I have recently started to take action in the life I want to have. Now, I know that sounds silly, because I think we always assume that we always have control over the life we lead because, well, it's OUR life. However, in my case, and I'm sure others can relate, some times, you feel as though you're not living the life you thought you ought to be having. Obviously, I see my life not in Southern California, but for the time being I have to work with it. As much as I would love to be that carefree, free-spirited character that is portrayed in a lot of films, I can't just get up and leave without feeling financially comfortable. I just can't do that. I think life works in ways we understand after waiting. I learned that after my episodes of anxiety and panic attacks. Now, I try to make the best of the wait. But, as I noted earlier, this is a very recent thing.

There was something extremely exhilarating about graduating. A different sense of freedom, I think. I genuinely felt like I pleased everyone I needed to and now it was time for me.

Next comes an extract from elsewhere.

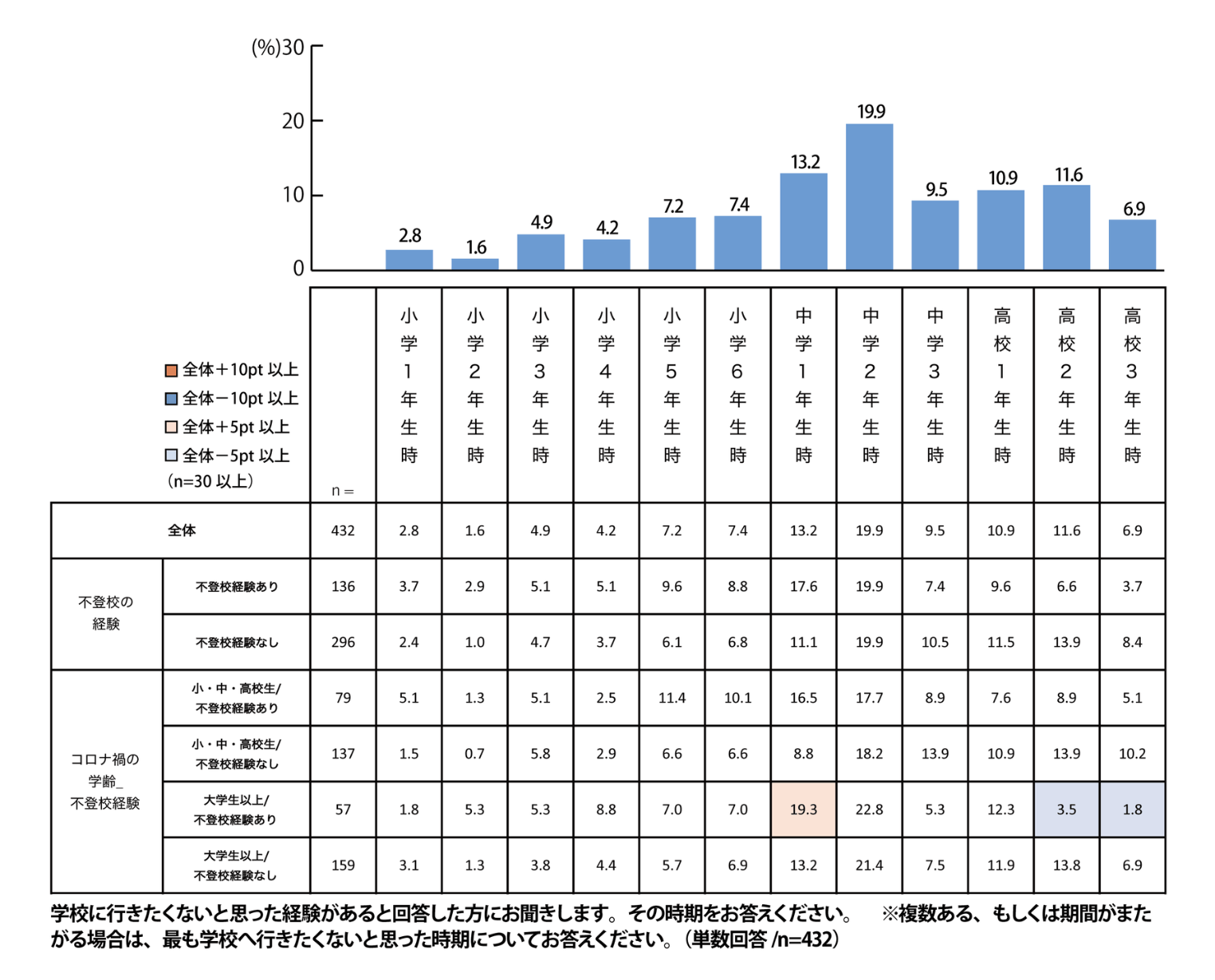 Q2. 学校に行きたくないと思った経験があると回答した方にお聞きします。その時期をお答えください。※複数ある、もしくは期間がまたがる場合は、最も学校へ行きたくないと思った時期についてお答えください。(単数回答/n=432)

The older I get (and let me tell you, I have always been a relatively old woman at heart), the more I long for simplicity and nature. So, hikes are a good thing.

Yesterday evening, Lina, Ali, Carl, and I decided to hike "top of the world." We did a sunset hike because Ali had to randomly work this Sunday, but it turned out to work for the best. We spent the evening talking, laughing, and just overall bonding because there is something nature does to glue souls together that nothing else will. We ate dinner, drank wine, and lounged on the sofas afterwards, drunk with happiness. This is the type of life I want to lead. It took me some time, but it is happening. The fact that I'm taking a graphic design course might be helping the fact that I am finding my path in this life. Long live the sweet moments that make life like honey. I want to measure my life by the amount of sunrise and sunsets I get to experience in my lover's arms. That surpasses any passing activity I could do otherwise. This life is a good one.